The channel estimation signal may include a plurality of channel
estimation signal groups. The transmitter 970 may transmit a
plurality of precoded data to a particular terminal included in the
plurality of terminals, e.g., either of the terminals 980 and 990.
Each of channel estimation signals included in the plurality of
precoded data may be included in a different time interval.
[0141] The terminal 980 may receive a plurality of data streams.

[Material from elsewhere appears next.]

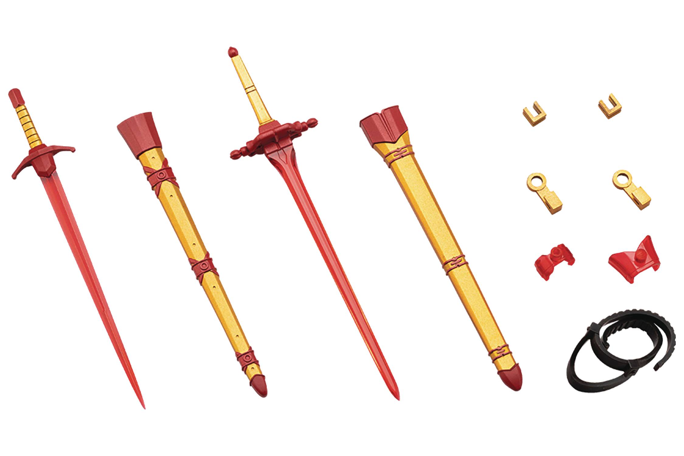 Keeping the same base design as VIRTUOUS STYLE 01 SWORD SET A, this set reimagines the swords as magical weapons using clear red blades, metallic red guards and pommels, and gold grips.

The data streams received by the terminal 980 may include training
signal groups in different time intervals, respectively. When the
training signal groups do not overlap each other, the terminal 980
may effectively estimate a channel.
[0142] An example in which each of the terminals 980 and 990
estimates a channel between the transmission apparatus 900 and each
of the terminals 980 and 990 using the channel estimation signal
group is described above for similar items with reference to FIGS.
4 through 8.
[0143] The precoder 960 may generate precoded data with respect to
each of the terminals 980 and 990 by precoding the individual
control information and data with respect to each of the terminals
980 and 990. The precoded data may be transmitted to each of the
terminals 980 and 990. However, each of the terminals 980 and 990
may decode only precoded data that is precoded with respect to a
corresponding terminal.
[0144] The precoder 960 may generate the precoded data by
additionally precoding the power amplifier training signal and the
second channel estimation signal.
[0145] The transmitter 970 may transmit, to the terminals 980 and
990, a data frame including a plurality of data streams. The
transmitter 970 may transmit, to the terminals 980 and 990, a data
frame including the common control information and the precoded
data according to a multi-user multiple input multiple output
(MU-MIMO) communication method. The transmitter 970 may transmit
the data frame to each of the terminals 980 and 990 using a
plurality of transmit antennas 971, 972, and 973. Each data stream
may include a detection signal, a first channel estimation signal,
and common control information that are not precoded, and precoded
data that is precoded with respect to each of the terminals 980 and
990.
[0146] Each of the terminals 980 and 990 may decode the
non-precoded common control information and may also decode the
precoded data precoded with respect to a corresponding
terminal.
[0147] Data included in the precoded data may be modulated by
selecting a single modulation method from various modulation
methods based on a channel status. For example, the individual
control information may be modulated using a predetermined
modulation method. The data may also be error correction coded by
selecting a single error correction code method from various error
correction code methods. For example, the individual control
information may be error correction coded using a predetermined
error correction code method. The modulation method and the error
correction code method applied to the data may be included in the
individual control information.
[0148] The individual control information may be modulated using a
modulation method predetermined between the transmission apparatus
900 and each of the terminals 980 and 990, or may be error
correction coded using an error correction code method
predetermined between the transmission apparatus 900 and each of
the terminals 980 and 990. For example, the terminals 980 and 990
may simply decode the individual control information without
reference to other control information, and may decode data using
the decoded individual control information.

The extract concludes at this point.